The Florida Campaign for Criminal Justice Reform (CCJR) mobilized this session to address decades of failed “tough-on-crime” policies that have caused the state’s prison population to balloon by more than 1,000 percent since 1970.
Partners from more than a dozen organizations along the political spectrum, as well as citizens with personal stories to tell lawmakers, educated legislators and their staffers on the pressing need for criminal justice reform in the Sunshine State. Several states, including many of our Southern neighbors, have approved reforms that resulted in lower incarceration and taxpayer savings while maintaining public safety.
An Important First Step
Data is critical to making informed decisions and we applaud the Florida Legislature’s funding of $300,000 for criminal justice research. The CCJR anticipates a working group will review that research and recommend substantive criminal justice reform measures for the 2018 Legislative Session.
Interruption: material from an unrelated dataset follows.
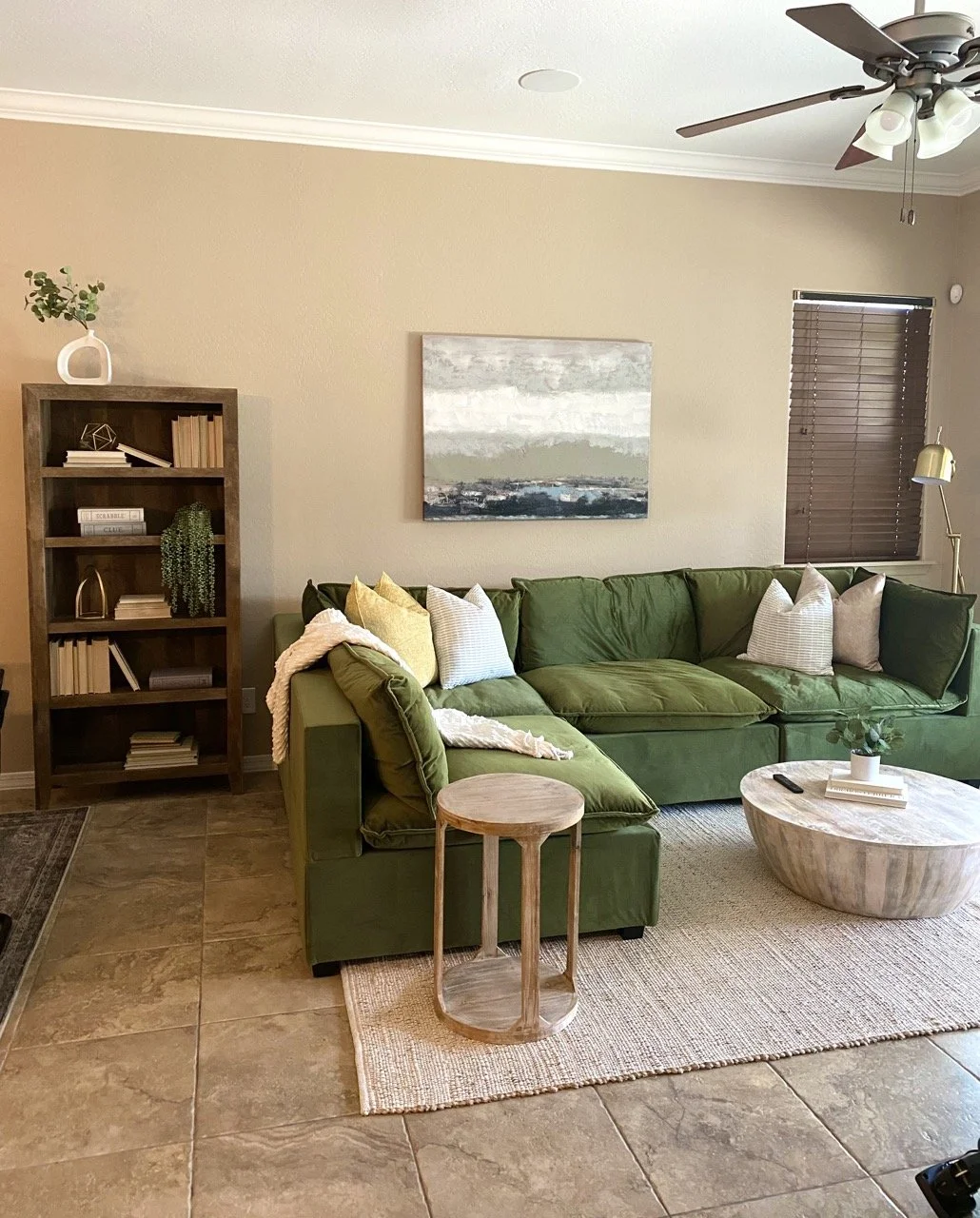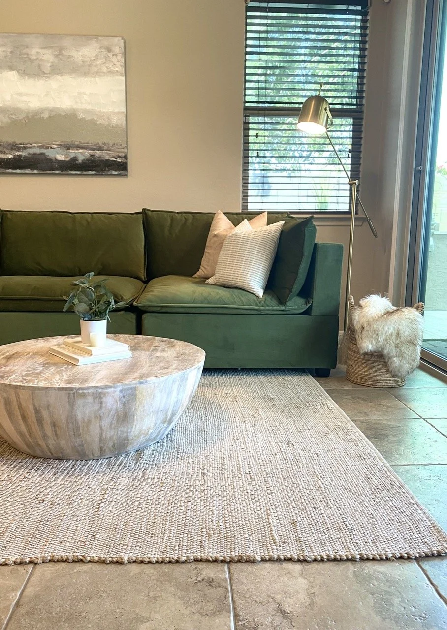Working title... I need blog topic for this room.I loved it being green. For a neutral color palette it was fun to have the one underlying accent (the natural greenery through out the house) to really show up in a big way in this living room. The client was a little hesitant to have any color in the home but didnt want it all beige and neutral. Since the expansive glass doors in the back of the house framed out a beautiful view of backyard (like a giant piece of art that you can see the minute you walk in the front door) it was a fun idea to bring the greenery of the yard and the mural into the living room to continue the indoor-outdoor feel. And then the moss/olive color became our subtle accent color and the underlying theme for this home.

No Profiting from Mugshots / Sealing Arrest Records
Legislators banned the practice of publishing an arrestee’s mugshot then soliciting removal of the photo for a fee. In addition, criminal history records of an arrest or incident of alleged criminal activity that resulted in a dismissal, acquittal, or not guilty verdict will be administratively sealed. Arrest records can prevent individuals from obtaining jobs and leading productive lives, and this legislation will help ensure that arrests do not taint an individual’s future prospects.
Standards for Eyewitness Identification
The Innocence Project of Florida reports that eyewitness misidentification was the cause behind 64 percent of the Florida cases in which DNA evidence later exonerated the defendant. The Eyewitness Identification Reform Act approved this session should prevent such tragic errors in justice. This legislation creates procedures for state, county, and municipal law enforcement agencies to follow when they have in-person or photo lineups for an eyewitness to identify a suspect. These procedures require the use of a lineup administrator who is unaware of which person in a live lineup is the suspect. For photo lineups, the procedures prohibit the photo administrator from knowing which of the photographs presented to the eyewitness is of the suspect. Live lineups are prohibited if an independent lineup administrator is not available.
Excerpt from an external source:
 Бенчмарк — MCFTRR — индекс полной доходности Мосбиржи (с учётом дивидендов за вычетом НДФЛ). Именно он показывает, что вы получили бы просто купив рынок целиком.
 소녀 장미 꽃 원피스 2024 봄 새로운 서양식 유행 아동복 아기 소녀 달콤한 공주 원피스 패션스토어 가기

Florida’s Criminal Justice Future
Florida today imprisons approximately 100,000 people, costing taxpayers $2.3 billion annually – more than the state allocates for higher education. One out of every 104 people is currently locked up, giving Florida the ninth highest incarceration rate in the country. In addition, one out of 54 residents is under some kind of supervision by the criminal justice system.
This is untenable for Florida’s future. Over the next several months, the CCJR will continue to advocate across the state for smart solutions and prepare to work during the 2018 Legislative Session to end over-criminalization and over-incarceration while not compromising public safety.